Гидра (страница 5)

Страница 5

Водка возымела обманчивый эффект. Глеб расслабился. Вновь примерился к усачу:

– Нет, ну вы слыхали! Америка в Анкаре совсем обезумела. Эти шашни с Ираном…

Кто-то постучал в стекло. Глеб стух, заметив активно жестикулирующего Мирослава Гавриловича. Натянул фальшивую улыбку – не лезть же под стол.

– Миро… Гав… – Глеб замахал, приглашая главреда в столовую. Тот жестом отверг предложение. Показал на часы, на здание редакции, шлепнул о стекло пятерней и ушел, недовольно раздувая щеки.

– По мою душеньку, – пробормотал Глеб. Продавщица чихнула.

«Ты один меня понимаешь», – мысленно обратился Глеб к повару-солонке. Допил и козырнул присутствующим:

– Удаляюсь на казнь.

– Ни пуха. Апчхи.

Пух, как снег, скапливался у бордюров.

– Пьяный? – с порога накинулся Мирослав Гаврилович. С портретов смотрели сурово Чехов, Белинский и Достоевский.

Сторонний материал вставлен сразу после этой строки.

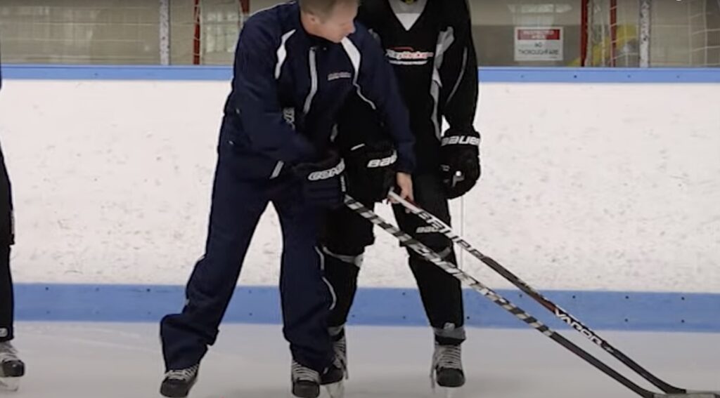 Instructor Mike Pilon teaches us how to underhandle the puck so that players keep the puck on their forehand while in the offensive zone allowing players to become a threat to shoot or pass the puck.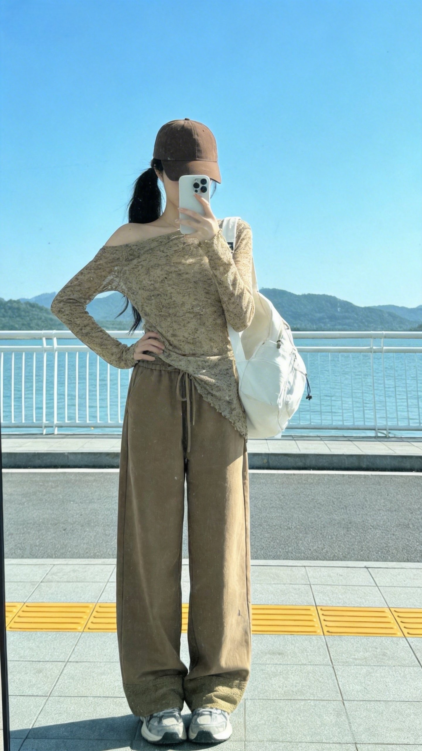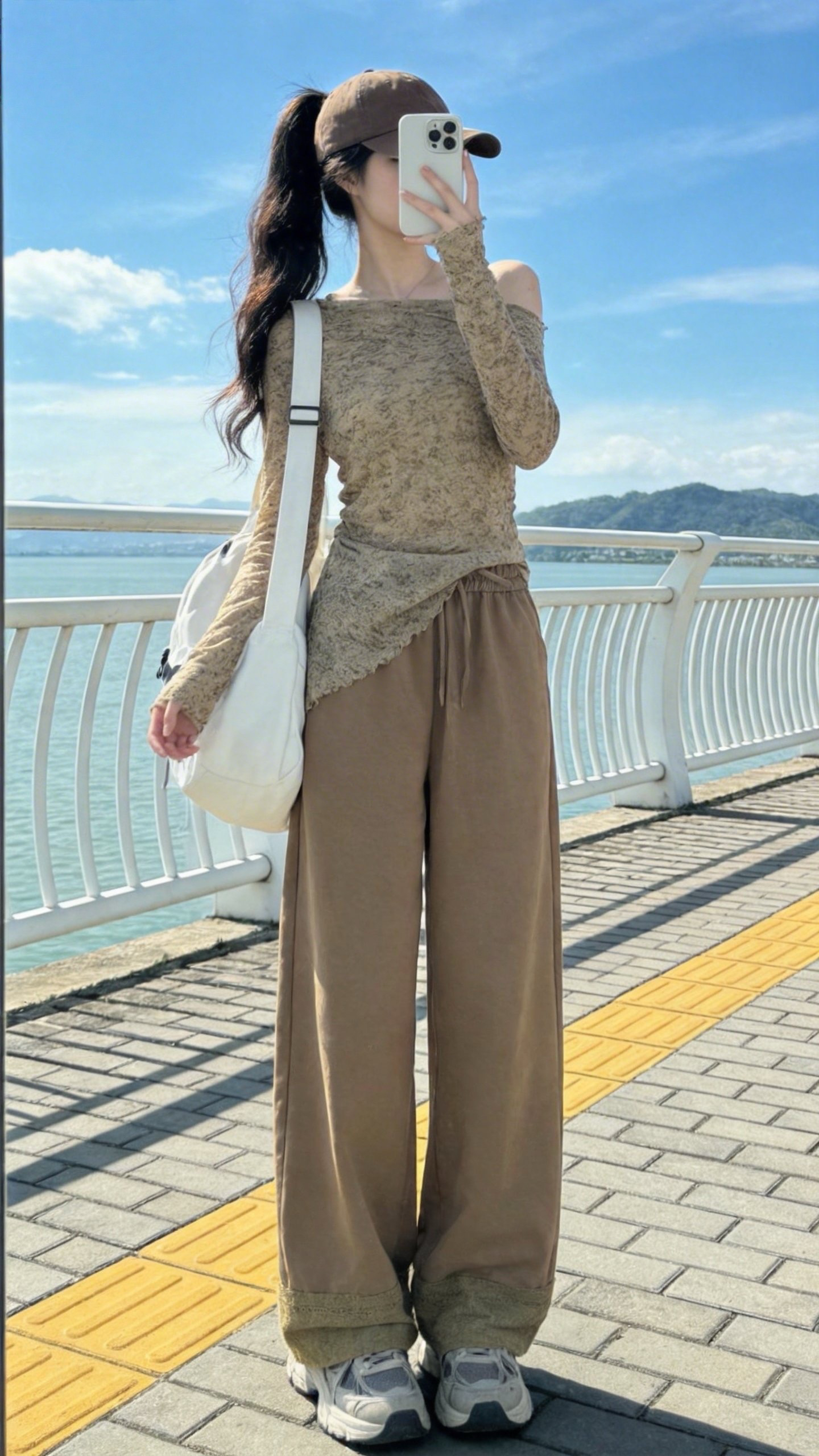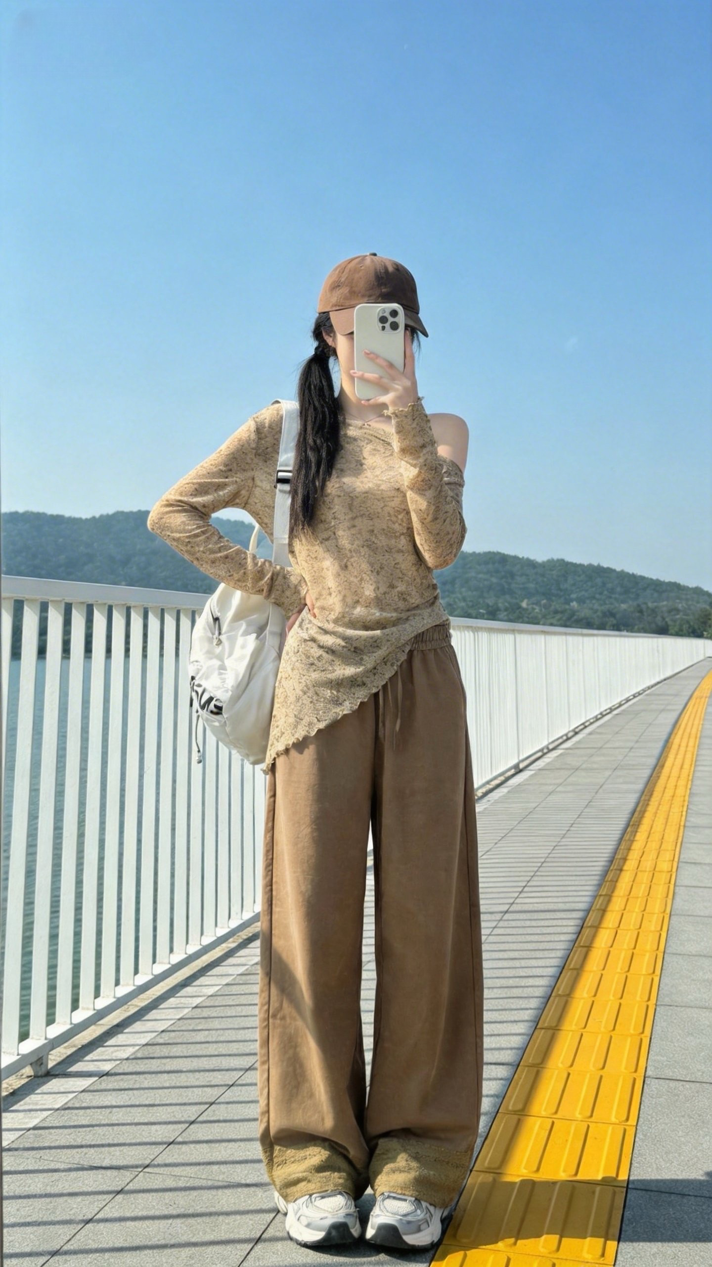 실사 정가 2026 새로운 패션 캐주얼 스포츠 슈트 여성 의류 프린트 망사 불규칙 맨위 긴 바지

– Что вы, как можно. Во вторник, с утра…

– Сегодня четверг! – При всей напускной строгости Мирослав Гаврилович, член бюро обкома, был добрейшим человеком и боролся за каждого подопечного, как за родного, в официальных бумагах аттестовал положительно. Подопечные, случалось, вылазили ему на шею.

– Дни летят, – удивился Глеб. – От печатной машинки отклеишься – и лето пролетело.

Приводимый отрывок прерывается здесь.